/Movies-ETL

ETL - Extract, Transform, Load

Primary LanguageJupyter Notebook

Movies-ETL

Project Overview

Amazing Prime is a company that wants to host a Hackaton where the participants will try to predict which movies will become popular. To achieve this, data about movies needs to be collected and cleaned, which will be done by utilizaing the ETL(Extract, Transform and Load) process.

Solution Design

The project solution will involve ETL process to create an automated pipeline that gathers movie data from different sources such as CSV and JSON files, performs the appropriate transformation such as reading data into Pandas DataFrames, removing null values and dropping nonrelevant information, and finally loading data into its final destination with Python's Pandas library and applying to_sql paired with sqlAlchemy method.

Extract

The first step of ETL process is extraction. Using a Wikipedia JSON file that was provided by Amazing Prime, which contains information about movies, budgets, box office returns, among others. In addition to Wikipedia's JSON file, more data was extracted from kaggle.com, which is a source that it pulls its dataset from the MoviesLens dataset, which has more than 20 million reviews and contains details about the movies on a metadata file.
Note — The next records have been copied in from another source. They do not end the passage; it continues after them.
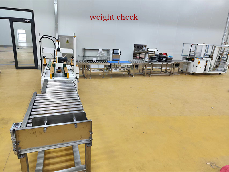 Human mapuno ang mga bag sa frozen nga pagkaon, ang matag bag gisusi pag-usab sa usa ka weight detector aron maseguro nga ang gibug-aton mohaum sa target nga gibug-aton, ug dayon moagi sa usa ka metal detector aron masiguro nga walay metal nga gisagol sa matag bag. Ang mga bag dayon gidala sa linya sa pagpuno sa karton.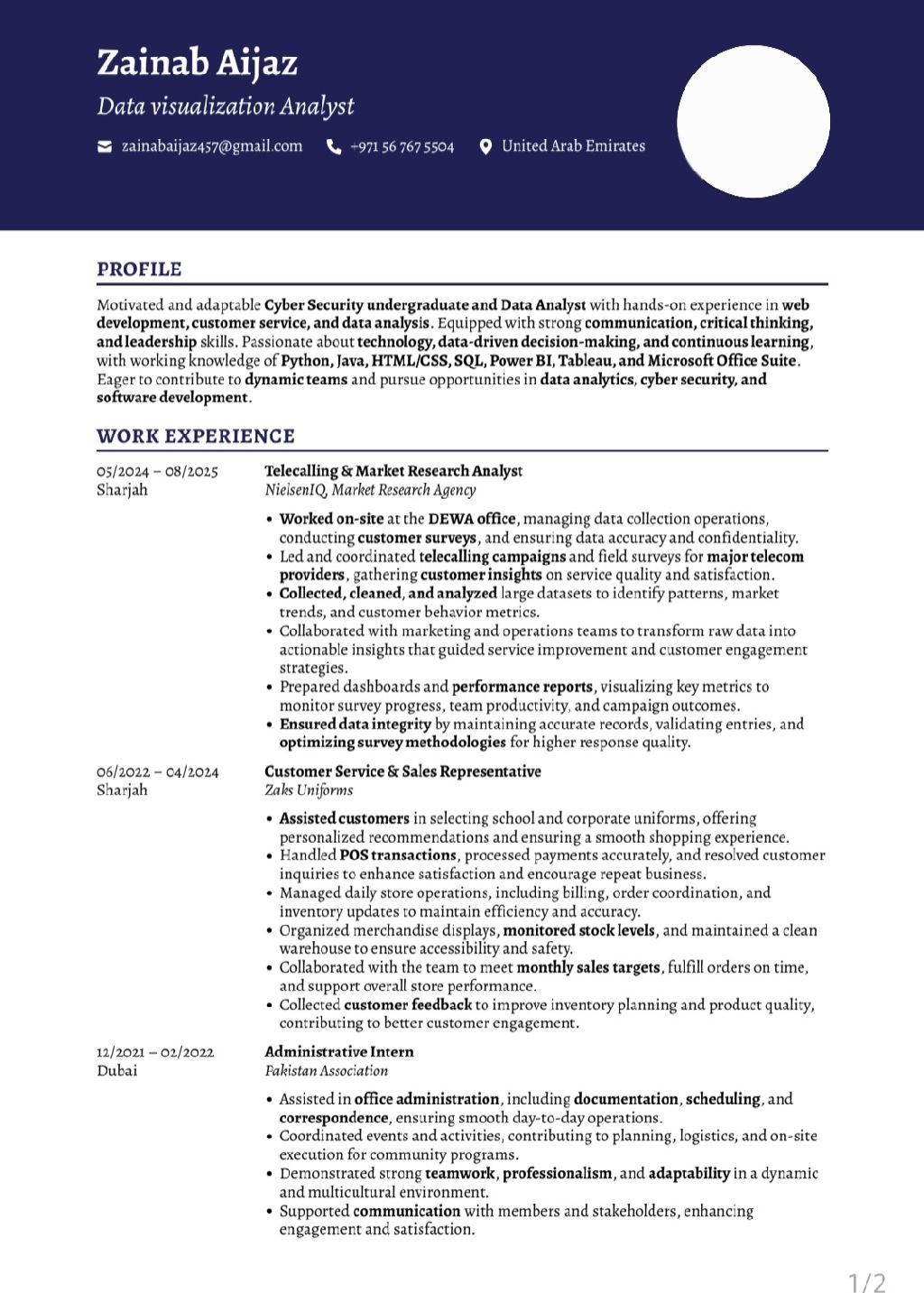 Available for immediate employment. Entry - level IT professional with background in Cyber Security and hands - on experience in data entry, reporting, system support, and client coordination. Skilled in documentation, data accuracy, Microsoft Office, and problem solving. Bachelor’ sHons) in Cyber Security. Fluent in English, Urdu, Hindi, basic Arabic. Valid UAE driving license. UAE based, shift flex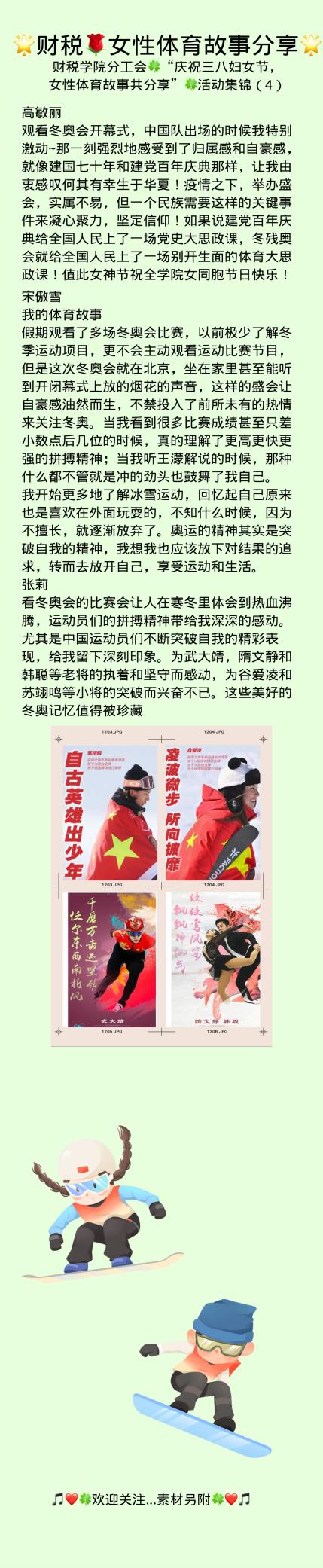为庆祝第112个国际“三八”妇女节, 2022年3月8日,在校工会和学校党委的支持下,财税学院分工会举办的“庆祝三八妇女节,女性力量共享”活动顺利开展。财税学院全体女教职工积极响应,观看了女足比赛、收看了冬奥会比赛、参与了冬奥志愿、并投身于运动和健身中。围绕“我的体育故事”的主题,她们分享了亲身经历的感想和体会,展示了新时代女性爱国情怀、健康向上的精神风貌。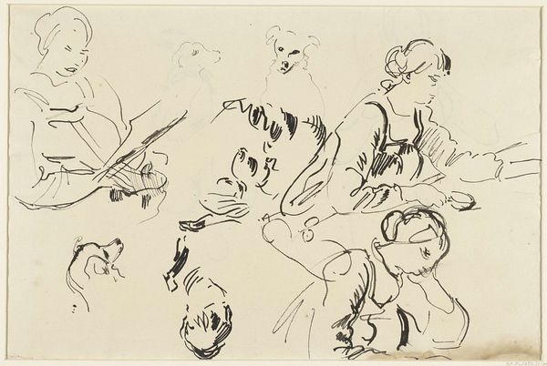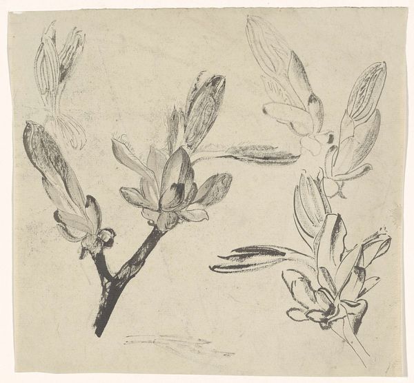 J.A. Jerichau made "Blomsterskitser" with ink on paper. It's not about polished perfection, but more about feeling the flower through the hand. Look at the varied line weights - some lines are bold and assertive, others whisper across the page. It’s like Jerichau is thinking out loud with the pen, letting the ink lead the way. The sketches feel intimate and immediate, like a page torn from a personal notebook. Take the cluster of buds near the bottom left; the dark pooling of ink there gives weight and volume to the form, but also suggests a kind of urgency, as if the artist was trying to capture the fleeting moment before the bud unfurls. It reminds me of Cy Twombly’s gestural scribbles, that same sense of capturing something ephemeral. Ultimately, art is about this ongoing conversation, a messy, beautiful, and always unfinished dialogue.

After downloading the data from kaggle, only the files movies_metadata.csv and ratings.csv were kept since those are the ones to contain the data needed for this project.

Wikipedia Movies

  • Extracting the data from wikipedia-movies.json and reading it into a Pandas DataFrame called wiki_movies_raw_df, the data starts with 193 columns.

wiki_movies_before_ETL

Kaggle Metadata

  • Inspecting the movies_metadata.csv extracted from kaggle.

kaggle_metadata_before

Kaggle Ratings

  • Inspecting the ratings.csv extracted from kaggle.

ratings_before

Transform

  • Data was inspected several times throughout the process.
  • List comprehensions were used to filter out TV shows
  • Alternative titles were handled by combining them into one list, inside a function called clean_movie
  • Columns with the same data information were merged
  • After counting the number of columns that had null values, it was seen that almost all columns had at least a few null values, so it was decided to keep columns that had less than 90% of null values.
  • After that the values were parsed and cleaned by applying Regular expressions(regex).
  • At this point there were two data_frames with information about movies, which had to be unified into one.
  • After analyzing both DataFrames, wiki_movies_df and kaggle_metadata, it was decided that the kaggle_metadata would be kept since its data was more consistent with less null values and the DataFrames would be merged on a way the empty values on the kaggle_metadata would be filled with data from wiki_movies_df.
  • Using the ratings.csv file, the DataFrame ratings_df was created by using the Python's groupby function on the columns "movie_Id" and "ratings".
  • Lastly, ratings_df was merged with movies_df creating a new one called movies_with_ratings_df.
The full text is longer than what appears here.